En 2016, Sharbat Gula fue detenida por estar presuntamente en posesión de un documento de identidad falso y fue deportada sin demora a Afganistán. De repente se vio obligada a dejar atrás 25 años de su vida, en los que se había casado, había criado a sus hijos y se había convertido en parte de una comunidad. Sharbat Gula fue una de las más de 600.000 personas expulsadas de Afganistán en 2016, en lo que Human Rights Watch describió como “la devolución forzada masiva e ilegal de personas refugiadas más grande del mundo en los últimos tiempos”.
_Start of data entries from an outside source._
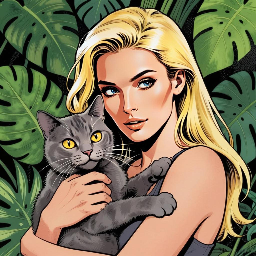 Blonde Woman Holding Gray Cat in Comic Book Style with Tropical Leaves Background
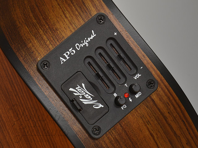 メイトンの魅力の一つでもある、ピックアップ・システムにはAP-5を搭載。そのバランス良く、安定したサウンドは、リアルなアコースティック・サウンドを出力します。
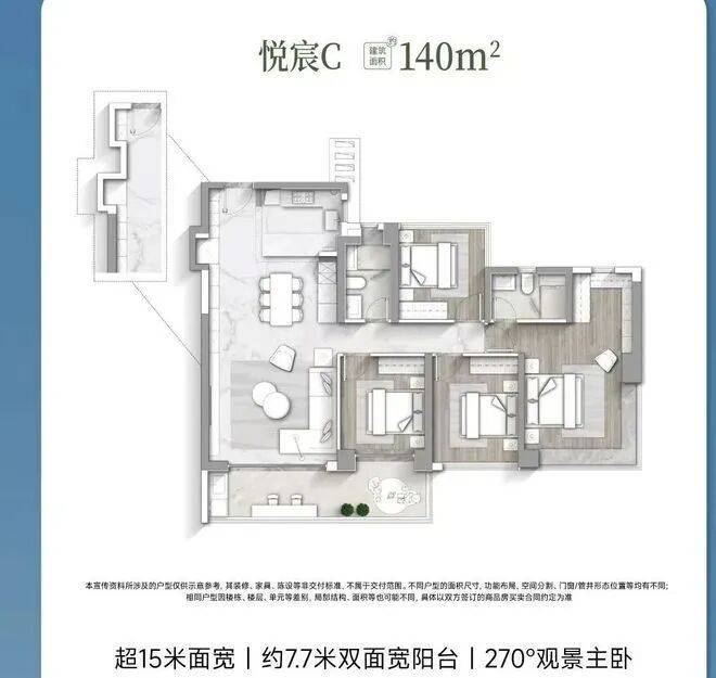 一期悦宸C户型 建筑面积约140㎡】超15米户型展宽,四开间朝南,约7.7米双面宽阔景阳台。
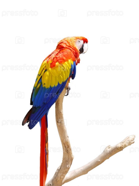 Красочный попугай на ветке дерева
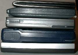 (From top to bottom Palm V, Palm III, Casio E11, HP Jornada 420 and the Compaq
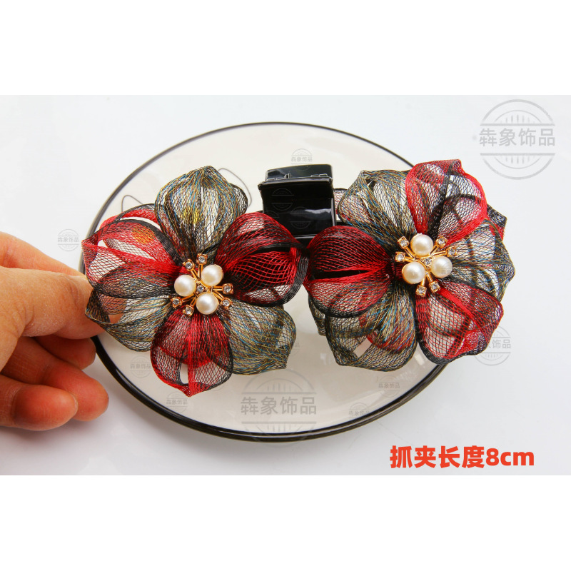 • 한국 스타일 진주 큐빅 배색 플라워 양면 집게핀 (8cm)
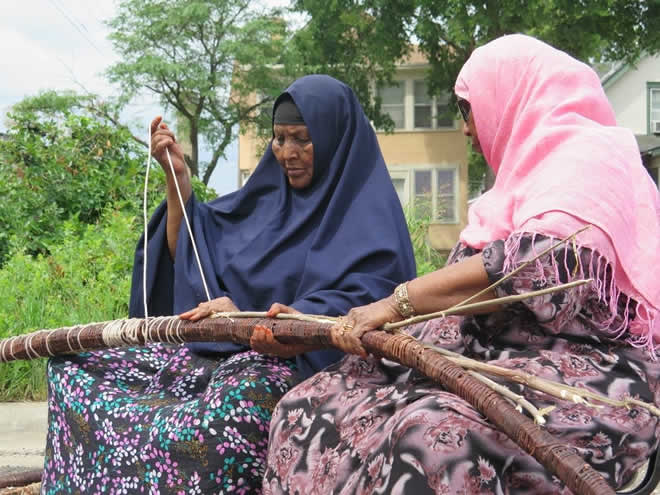 Her interpreter, Amine Muse, who is also the education coordinator for the Somali Museum of Minnesota, explained that once the hut's skeleton is made, the women work on the inside, weaving traditional mats.

En contra de lo establecido por el derecho internacional, estas personas fueron enviadas a una situación aún más peligrosa que aquella de la que habían huido en primer lugar. Muchas de ellas nunca habían conocido Afganistán. En total, más de un millón de personas fueron devueltas forzosamente a Afganistán en 2016, desde Europa, Irán, Pakistán y otros lugares. Los retornos agravaron la situación humanitaria local.

La situación no ha mejorado. El año pasado se alcanzó la cifra más alta de muertes de civiles, incluida la cifra más alta de muertes de niños y niñas. No hay ninguna parte del país que pueda considerarse razonablemente segura. Pese a ello, muchos países persisten en una política de cruel indiferencia hacia la población afgana.
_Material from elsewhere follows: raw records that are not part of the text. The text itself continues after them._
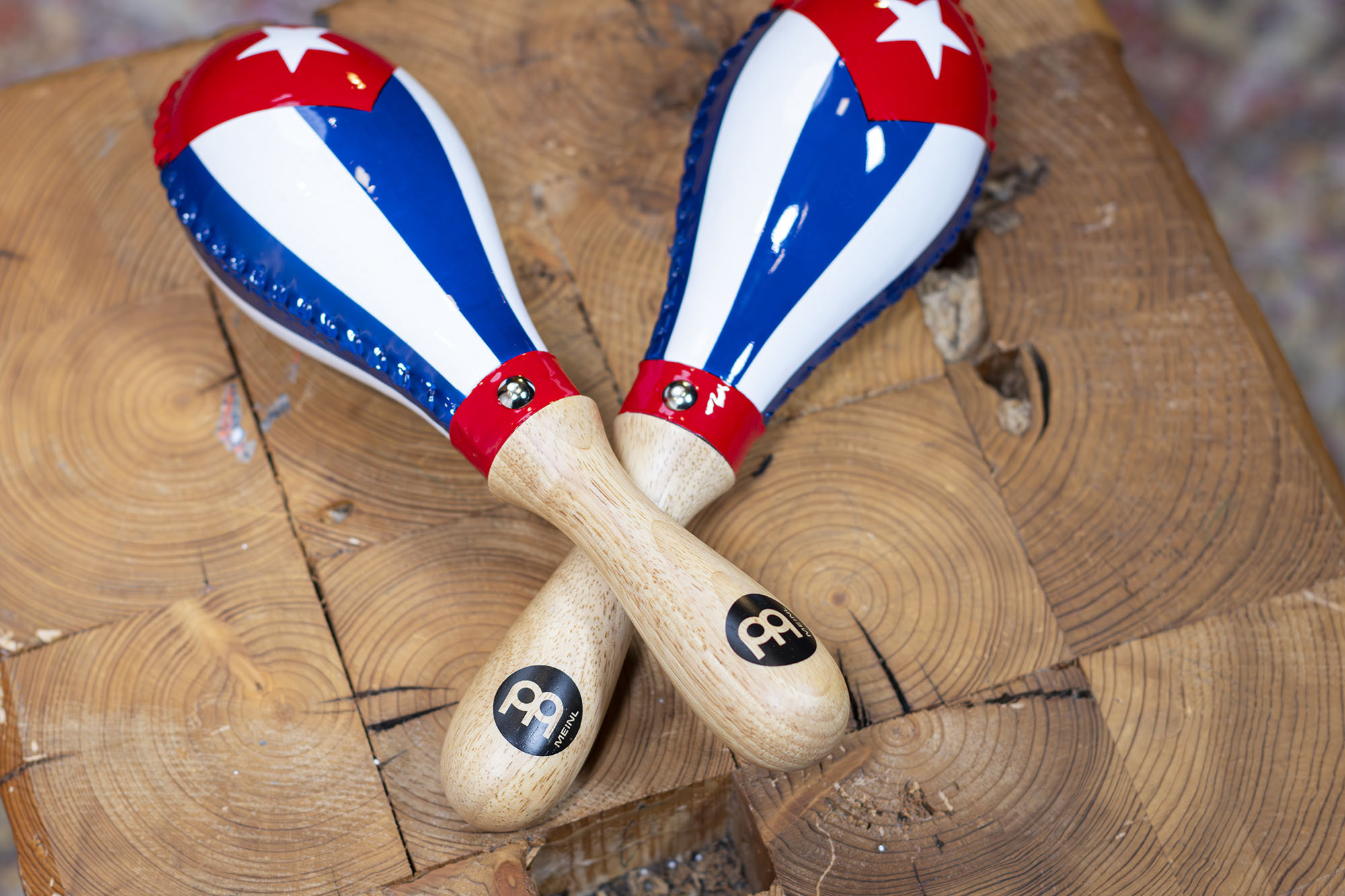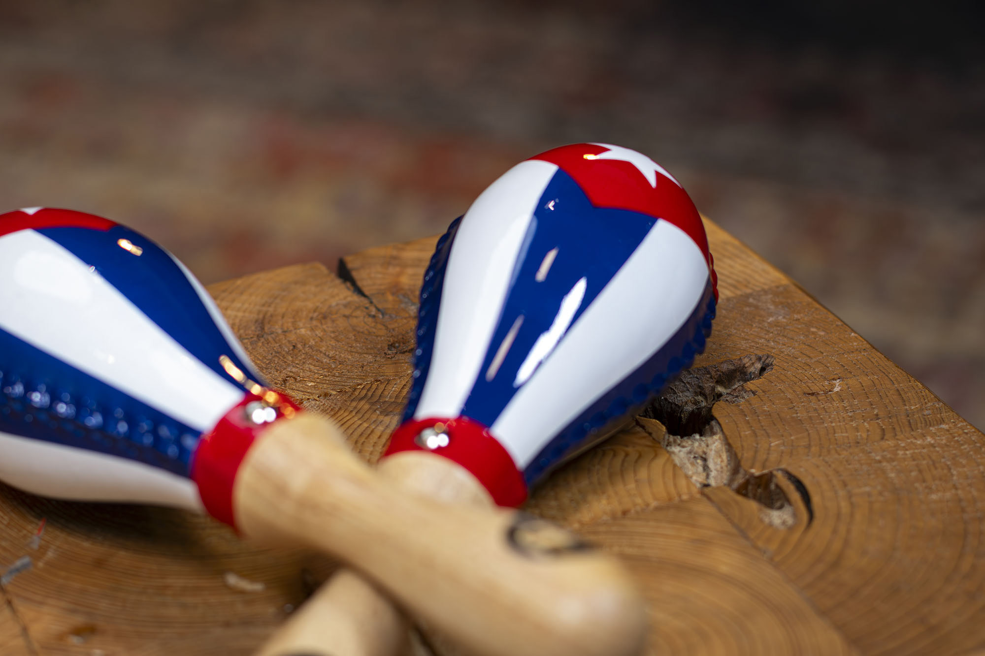 Maracas en cuir, modèle standard avec design drapeau cubain, fabriquées à la main pour offrir un son chaud et une bonne prise en main.
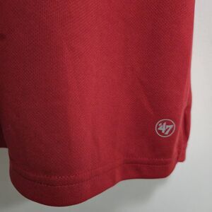 Step up your game day ensemble with the Cleveland Indians Men's Polo, a versatile and stylish addition to any fan's wardrobe. Crafted by '47 Brand, this red polo shirt features a crisp, embroidered team logo, showcasing your allegiance with class. The knit fabric construction offers a comfortable stretch fit, making it ideal for a range of activities from golf to baseball. Sized at 2XL with a generous 50-inch chest and a 29-inch shirt length, this polo ensures a relaxed and regular fit. The short sleeves, spread collar, and button closure combine for a classic look, perfect for both casual outings and sports-themed events. Care is a breeze, toomachine washable for convenience. #9869
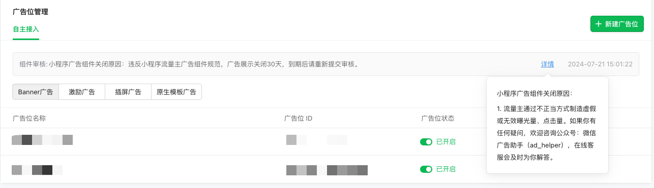 刚在流量主后台收到广告展示关闭30天的通知,如下:
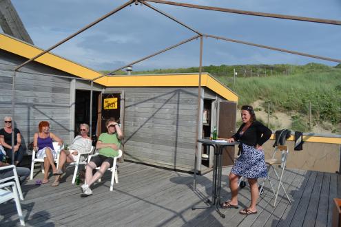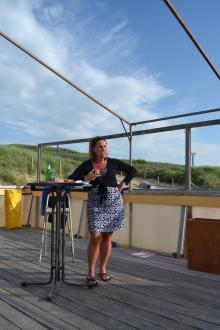 Toen er genoeg drank in de man/vrouw zat zijn we begonnen met de veiling van zeilspullen. Dat verliep erg gemoedelijk en al gauw ging men om prachtexemplaren van retro trapezebroeken elkaar over bieden. Er waren echt leuke spullen bij, er zijn prima spullen van eigenaar gewisseld en de baten komen ten goede van de club !! De totale opbrengst van de veiling was 335 euro. Daarna hebben we nog een heerlijke BBQ gehad. Lorraine, de vrouw van Bert had heerlijke salades gemaakt en zoals altijd had Mathijs, geholpen door Marcel een heerlijke vis en zalige sateh klaar. Ook hier hadden we een meeropbrengst zodat de dag totaal 390 euro heeft opgeleverd en vele enthousiaste mensen.
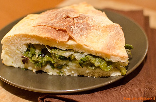 Preparate la pasta con la farina, le patate lessate e passate, il sale ed il lievito, aggiungendo un po' di acqua tiepida se necessario. Lasciatela lievitare per 30/40 minuti. Nel frattempo pulite e lavate le scarole, scottatele in acqua bollente salata e strizzatele delicatamente. In un tegame con ½ bicchiere d'olio fate imbiondire l'aglio, poi eliminatelo e aggiungete le scarole, le olive nere, i pinoli, l'uva passa, le acciughe, una spolverata di pepe. In una teglia unta stendete uno strato di pasta, quindi distribuite il ripieno e coprite con un secondo strato. Infornate a fuoco moderato per 40 minuti.
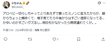 - 天然成分100%でも、植物アレルギーの子には合わない場合がある

En julio de 2018, el ministro del Interior alemán aplaudió alegremente el hecho de que, el día que cumplía 69 años, enviaba a 69 personas Afganas a su país. Uno de esos afganos se suicidó al llegar. Sin embargo, Horst Seehofer persiste en sus malas formas y este mes reiteró su amenaza de expulsar a las personas afganas restantes cuyas solicitudes de asilo han sido rechazadas.

En los últimos años, aquellos que tradicionalmente defendían los derechos de las personas refugiadas han abandonado sus compromisos. Hemos presenciado el cruel trato que Australia inflige a personas desesperadas en centros de detención fuera de su territorio, en Nauru y la isla de Manus. Los líderes europeos xenófobos hacen orgullosamente campaña en plataformas que piden la expulsión de las personas refugiadas.
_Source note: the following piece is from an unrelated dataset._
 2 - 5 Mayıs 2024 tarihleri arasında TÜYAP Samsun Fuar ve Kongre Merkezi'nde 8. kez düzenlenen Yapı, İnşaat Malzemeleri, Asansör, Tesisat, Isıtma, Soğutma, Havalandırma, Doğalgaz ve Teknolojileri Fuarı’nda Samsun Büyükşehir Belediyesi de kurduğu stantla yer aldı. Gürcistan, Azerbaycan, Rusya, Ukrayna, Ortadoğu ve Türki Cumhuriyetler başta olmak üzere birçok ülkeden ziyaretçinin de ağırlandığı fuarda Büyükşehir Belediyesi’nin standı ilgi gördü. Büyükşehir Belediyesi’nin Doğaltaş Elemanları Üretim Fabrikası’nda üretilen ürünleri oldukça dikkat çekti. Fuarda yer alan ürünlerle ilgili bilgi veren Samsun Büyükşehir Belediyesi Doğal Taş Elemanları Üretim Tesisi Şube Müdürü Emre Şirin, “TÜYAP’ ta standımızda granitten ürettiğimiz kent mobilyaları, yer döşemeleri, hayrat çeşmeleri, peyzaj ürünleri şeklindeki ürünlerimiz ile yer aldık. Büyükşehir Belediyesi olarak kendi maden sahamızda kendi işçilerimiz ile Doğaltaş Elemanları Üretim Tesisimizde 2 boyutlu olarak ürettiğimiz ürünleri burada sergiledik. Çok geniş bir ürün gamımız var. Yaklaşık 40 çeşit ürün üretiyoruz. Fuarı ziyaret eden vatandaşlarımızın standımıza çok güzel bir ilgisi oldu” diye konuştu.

Ahora existe la oportunidad de que países como Pakistán —que alberga el grueso de la población refugiada del mundo— muestren su liderazgo y exijan a la comunidad internacional que cumpla con su responsabilidad. Pakistán puede detener las devoluciones, brindar una solución humana y ganarse el reconocimiento por su papel como país anfitrión. La comunidad internacional puede desempeñar un papel compartiendo la carga, apoyando no sólo a las personas refugiadas sino también a las comunidades que las acogen.

El primer ministro Imran Khan estuvo cerca de mostrar ese liderazgo el año pasado, cuando declaró que a las personas refugiadas debería otorgárseles la ciudadanía: algo que es un derecho legal para las personas nacidas en Pakistán. El anuncio supuso una bienvenida ruptura con la sombría historia de utilizar a la población refugiada afgana como herramienta política en disputas transfronterizas. Por desgracia, la propuesta se retiró.

Lo que puede ser un firme primer paso para devolver la dignidad a estas personas refugiadas es una propuesta alternativa de emitir visados temporales. Esto permitiría a las personas afganas trabajar formalmente, y les otorgaría reconocimiento legal por su papel decisivo en las economías locales. Les permitiría escolarizar a sus hijos e hijas y abrir cuentas bancarias. Les quitaría el miedo constante a la deportación inminente.

En un momento en que Pakistán está tratando de contribuir a los esfuerzos de paz en Afganistán, hay poco que perder. Es una oportunidad no sólo de honrar los últimos 40 años, sino de dar ejemplo al resto del mundo. Si lo hace, Pakistán podrá decir con confianza que ha cumplido su parte, que ha hecho más que el resto: que, en lugar de abandonar a las personas refugiadas, ha optado por darles hogares.